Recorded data

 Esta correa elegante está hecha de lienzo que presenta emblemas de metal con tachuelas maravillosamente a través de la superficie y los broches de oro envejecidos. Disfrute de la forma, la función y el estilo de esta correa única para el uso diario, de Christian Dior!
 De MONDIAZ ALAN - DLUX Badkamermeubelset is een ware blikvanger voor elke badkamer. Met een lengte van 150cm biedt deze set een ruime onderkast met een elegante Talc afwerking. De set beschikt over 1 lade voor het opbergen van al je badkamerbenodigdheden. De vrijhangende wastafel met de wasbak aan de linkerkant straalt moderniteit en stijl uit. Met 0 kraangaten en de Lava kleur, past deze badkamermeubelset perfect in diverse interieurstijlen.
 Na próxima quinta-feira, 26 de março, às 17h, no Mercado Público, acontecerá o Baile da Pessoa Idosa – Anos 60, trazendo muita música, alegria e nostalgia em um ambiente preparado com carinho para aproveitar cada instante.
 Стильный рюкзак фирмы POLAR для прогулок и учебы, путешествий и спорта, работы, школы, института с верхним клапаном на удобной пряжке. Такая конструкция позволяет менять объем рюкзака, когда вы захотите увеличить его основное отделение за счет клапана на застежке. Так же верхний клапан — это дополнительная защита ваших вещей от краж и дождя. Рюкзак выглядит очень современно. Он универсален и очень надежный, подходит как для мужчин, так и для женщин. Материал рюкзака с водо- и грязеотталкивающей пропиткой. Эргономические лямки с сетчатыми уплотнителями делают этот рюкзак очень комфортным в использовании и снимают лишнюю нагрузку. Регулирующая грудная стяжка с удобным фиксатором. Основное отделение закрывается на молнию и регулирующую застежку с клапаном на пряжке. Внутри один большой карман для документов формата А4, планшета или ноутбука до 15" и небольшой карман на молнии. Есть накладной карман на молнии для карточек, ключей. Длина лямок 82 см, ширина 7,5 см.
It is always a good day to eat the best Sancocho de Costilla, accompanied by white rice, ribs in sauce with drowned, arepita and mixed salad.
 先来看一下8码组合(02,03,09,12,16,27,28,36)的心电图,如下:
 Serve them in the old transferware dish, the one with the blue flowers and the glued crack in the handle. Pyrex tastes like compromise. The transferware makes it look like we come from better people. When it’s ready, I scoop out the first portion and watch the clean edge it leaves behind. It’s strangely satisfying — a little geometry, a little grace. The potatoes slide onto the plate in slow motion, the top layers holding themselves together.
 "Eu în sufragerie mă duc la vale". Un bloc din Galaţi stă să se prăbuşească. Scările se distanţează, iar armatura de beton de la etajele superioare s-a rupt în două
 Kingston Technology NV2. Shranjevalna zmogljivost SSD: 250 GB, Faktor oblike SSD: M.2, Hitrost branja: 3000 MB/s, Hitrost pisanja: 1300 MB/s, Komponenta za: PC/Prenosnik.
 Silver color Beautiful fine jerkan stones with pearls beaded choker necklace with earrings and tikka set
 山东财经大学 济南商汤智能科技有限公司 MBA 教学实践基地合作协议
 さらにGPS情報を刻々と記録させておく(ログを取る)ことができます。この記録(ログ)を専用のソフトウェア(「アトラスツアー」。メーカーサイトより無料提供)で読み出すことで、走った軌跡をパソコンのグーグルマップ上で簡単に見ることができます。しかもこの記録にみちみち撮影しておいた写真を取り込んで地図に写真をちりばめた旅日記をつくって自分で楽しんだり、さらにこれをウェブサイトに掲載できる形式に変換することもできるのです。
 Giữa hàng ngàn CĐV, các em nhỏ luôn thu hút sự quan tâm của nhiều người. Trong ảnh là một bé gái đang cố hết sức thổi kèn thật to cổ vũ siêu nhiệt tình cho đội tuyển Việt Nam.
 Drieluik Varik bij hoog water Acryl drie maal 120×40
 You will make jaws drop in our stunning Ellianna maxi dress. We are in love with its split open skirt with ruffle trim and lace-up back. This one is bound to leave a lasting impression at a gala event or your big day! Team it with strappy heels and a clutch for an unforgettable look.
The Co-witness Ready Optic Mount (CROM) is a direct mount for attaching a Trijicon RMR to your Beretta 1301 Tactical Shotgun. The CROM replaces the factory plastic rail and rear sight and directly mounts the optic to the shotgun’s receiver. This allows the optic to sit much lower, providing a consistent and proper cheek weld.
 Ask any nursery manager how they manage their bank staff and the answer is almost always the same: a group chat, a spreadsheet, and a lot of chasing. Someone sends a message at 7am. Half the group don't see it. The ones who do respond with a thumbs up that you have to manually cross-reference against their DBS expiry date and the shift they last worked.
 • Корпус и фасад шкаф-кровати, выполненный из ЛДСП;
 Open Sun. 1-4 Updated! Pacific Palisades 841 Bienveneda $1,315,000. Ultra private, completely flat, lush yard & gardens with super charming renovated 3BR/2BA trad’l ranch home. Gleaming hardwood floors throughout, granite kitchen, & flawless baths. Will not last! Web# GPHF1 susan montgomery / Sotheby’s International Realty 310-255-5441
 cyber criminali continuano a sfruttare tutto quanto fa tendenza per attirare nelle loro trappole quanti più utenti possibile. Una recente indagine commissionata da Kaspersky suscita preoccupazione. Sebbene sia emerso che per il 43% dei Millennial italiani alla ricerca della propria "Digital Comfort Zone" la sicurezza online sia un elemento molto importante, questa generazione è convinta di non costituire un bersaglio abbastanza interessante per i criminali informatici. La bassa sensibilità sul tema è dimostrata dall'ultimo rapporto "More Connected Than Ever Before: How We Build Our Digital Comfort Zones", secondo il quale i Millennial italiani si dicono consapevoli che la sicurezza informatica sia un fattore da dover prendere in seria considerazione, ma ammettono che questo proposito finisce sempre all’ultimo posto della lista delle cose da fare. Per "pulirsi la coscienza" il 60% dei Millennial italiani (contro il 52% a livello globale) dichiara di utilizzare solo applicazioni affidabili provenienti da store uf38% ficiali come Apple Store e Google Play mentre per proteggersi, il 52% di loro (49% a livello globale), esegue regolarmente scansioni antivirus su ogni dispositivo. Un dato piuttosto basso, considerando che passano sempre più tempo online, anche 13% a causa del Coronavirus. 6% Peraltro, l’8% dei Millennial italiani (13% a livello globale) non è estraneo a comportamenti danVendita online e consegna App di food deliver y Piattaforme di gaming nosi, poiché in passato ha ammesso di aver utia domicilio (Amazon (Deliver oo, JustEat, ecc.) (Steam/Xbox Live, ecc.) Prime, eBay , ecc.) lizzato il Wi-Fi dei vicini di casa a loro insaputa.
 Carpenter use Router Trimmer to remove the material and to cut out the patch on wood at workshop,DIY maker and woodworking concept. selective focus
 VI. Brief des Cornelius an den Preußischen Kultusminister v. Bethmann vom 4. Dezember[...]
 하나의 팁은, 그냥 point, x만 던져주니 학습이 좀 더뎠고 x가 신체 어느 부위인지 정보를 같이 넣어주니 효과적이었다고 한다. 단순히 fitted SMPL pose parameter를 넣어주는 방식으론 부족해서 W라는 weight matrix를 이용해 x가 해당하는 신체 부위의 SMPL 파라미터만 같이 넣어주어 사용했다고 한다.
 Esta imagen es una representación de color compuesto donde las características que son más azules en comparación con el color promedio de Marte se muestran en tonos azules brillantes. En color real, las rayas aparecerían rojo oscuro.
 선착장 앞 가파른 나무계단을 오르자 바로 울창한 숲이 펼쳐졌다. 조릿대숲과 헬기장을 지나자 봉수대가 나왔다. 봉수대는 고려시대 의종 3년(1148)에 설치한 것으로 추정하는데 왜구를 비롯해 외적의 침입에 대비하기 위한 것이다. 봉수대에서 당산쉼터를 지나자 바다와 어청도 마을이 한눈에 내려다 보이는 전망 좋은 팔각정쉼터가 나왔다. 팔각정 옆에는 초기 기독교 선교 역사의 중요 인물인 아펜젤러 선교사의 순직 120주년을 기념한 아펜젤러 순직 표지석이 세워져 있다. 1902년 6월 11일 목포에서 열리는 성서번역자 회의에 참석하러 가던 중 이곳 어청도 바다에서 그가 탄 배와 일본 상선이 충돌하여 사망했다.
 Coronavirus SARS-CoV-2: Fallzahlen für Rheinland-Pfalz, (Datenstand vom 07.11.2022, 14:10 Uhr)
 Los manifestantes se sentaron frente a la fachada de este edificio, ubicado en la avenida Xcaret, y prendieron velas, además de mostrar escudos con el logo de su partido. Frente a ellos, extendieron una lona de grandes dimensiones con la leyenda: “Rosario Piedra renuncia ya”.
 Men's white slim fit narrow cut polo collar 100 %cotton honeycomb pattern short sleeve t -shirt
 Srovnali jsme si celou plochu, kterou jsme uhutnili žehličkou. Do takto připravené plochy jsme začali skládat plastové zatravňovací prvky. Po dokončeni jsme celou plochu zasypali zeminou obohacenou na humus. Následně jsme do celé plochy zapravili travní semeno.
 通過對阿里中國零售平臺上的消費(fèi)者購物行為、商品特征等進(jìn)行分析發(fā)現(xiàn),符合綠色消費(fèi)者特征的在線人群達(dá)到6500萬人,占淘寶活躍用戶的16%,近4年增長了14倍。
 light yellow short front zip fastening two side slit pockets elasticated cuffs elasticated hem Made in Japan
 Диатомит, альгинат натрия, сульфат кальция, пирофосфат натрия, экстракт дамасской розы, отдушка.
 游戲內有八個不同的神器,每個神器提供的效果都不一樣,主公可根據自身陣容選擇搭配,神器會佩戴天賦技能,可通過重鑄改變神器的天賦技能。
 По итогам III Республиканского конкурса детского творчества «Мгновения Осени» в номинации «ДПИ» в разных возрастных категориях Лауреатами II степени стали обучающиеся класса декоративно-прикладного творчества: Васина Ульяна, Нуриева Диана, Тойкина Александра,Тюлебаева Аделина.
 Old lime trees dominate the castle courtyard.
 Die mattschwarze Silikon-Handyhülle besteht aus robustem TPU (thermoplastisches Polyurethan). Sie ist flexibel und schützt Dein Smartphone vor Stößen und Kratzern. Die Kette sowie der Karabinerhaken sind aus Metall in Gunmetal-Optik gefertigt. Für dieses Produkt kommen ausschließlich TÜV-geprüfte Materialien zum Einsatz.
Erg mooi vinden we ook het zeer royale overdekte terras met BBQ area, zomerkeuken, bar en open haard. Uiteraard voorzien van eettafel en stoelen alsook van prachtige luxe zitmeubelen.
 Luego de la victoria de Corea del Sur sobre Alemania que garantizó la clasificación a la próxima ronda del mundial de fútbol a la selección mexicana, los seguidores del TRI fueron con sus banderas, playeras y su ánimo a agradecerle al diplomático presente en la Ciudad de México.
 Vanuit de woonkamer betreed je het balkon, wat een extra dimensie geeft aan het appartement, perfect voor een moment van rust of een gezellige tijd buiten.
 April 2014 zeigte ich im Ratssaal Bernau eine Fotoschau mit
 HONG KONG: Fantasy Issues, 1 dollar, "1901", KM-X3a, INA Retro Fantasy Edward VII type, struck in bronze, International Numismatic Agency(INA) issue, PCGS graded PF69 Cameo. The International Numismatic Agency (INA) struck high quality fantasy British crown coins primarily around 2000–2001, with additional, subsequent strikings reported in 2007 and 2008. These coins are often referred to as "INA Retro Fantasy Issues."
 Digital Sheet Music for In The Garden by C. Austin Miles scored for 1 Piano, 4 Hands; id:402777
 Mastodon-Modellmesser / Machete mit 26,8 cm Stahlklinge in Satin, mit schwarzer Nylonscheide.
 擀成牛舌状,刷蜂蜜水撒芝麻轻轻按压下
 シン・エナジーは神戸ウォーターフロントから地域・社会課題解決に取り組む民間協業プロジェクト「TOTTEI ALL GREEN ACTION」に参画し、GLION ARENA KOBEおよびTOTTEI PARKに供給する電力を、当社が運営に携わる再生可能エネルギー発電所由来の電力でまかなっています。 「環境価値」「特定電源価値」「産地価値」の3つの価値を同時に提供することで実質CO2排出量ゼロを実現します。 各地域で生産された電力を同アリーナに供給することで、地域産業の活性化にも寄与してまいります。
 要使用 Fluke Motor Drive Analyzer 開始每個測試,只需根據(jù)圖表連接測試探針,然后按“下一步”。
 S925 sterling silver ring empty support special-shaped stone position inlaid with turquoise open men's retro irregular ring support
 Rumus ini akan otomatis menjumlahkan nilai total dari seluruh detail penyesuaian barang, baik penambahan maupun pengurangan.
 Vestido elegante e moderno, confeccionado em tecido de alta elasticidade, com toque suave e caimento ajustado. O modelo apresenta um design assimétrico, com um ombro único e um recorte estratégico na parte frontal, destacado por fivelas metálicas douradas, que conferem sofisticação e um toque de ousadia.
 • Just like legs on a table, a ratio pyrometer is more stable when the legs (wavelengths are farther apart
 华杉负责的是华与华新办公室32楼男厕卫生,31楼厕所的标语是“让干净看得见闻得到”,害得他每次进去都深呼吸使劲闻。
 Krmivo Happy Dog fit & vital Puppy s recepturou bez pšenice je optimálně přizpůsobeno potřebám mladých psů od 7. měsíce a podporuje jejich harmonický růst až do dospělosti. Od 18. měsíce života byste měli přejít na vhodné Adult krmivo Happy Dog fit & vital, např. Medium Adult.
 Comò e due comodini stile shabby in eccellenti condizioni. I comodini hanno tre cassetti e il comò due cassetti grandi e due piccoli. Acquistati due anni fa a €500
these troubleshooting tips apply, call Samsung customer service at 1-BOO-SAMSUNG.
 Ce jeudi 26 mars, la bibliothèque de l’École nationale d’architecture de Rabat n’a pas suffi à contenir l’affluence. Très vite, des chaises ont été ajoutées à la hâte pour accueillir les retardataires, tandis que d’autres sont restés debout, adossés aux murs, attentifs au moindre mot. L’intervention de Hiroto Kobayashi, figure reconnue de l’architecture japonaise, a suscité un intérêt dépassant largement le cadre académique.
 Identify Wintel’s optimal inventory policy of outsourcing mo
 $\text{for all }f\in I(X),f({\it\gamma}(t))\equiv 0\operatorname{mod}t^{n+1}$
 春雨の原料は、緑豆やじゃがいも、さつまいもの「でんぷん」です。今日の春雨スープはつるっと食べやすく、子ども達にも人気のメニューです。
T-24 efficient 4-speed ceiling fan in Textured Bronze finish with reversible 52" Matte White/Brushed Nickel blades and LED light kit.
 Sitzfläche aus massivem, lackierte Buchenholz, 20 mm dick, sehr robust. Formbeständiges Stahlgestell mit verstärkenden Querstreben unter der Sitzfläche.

→ WORK INSTRUCTION
Collect every line with the string "This" from the records, and copy each.

→ RESPONSE AREA
 You will make jaws drop in our stunning Ellianna maxi dress. We are in love with its split open skirt with ruffle trim and lace-up back. This one is bound to leave a lasting impression at a gala event or your big day! Team it with strappy heels and a clutch for an unforgettable look.
The Co-witness Ready Optic Mount (CROM) is a direct mount for attaching a Trijicon RMR to your Beretta 1301 Tactical Shotgun. The CROM replaces the factory plastic rail and rear sight and directly mounts the optic to the shotgun’s receiver. This allows the optic to sit much lower, providing a consistent and proper cheek weld.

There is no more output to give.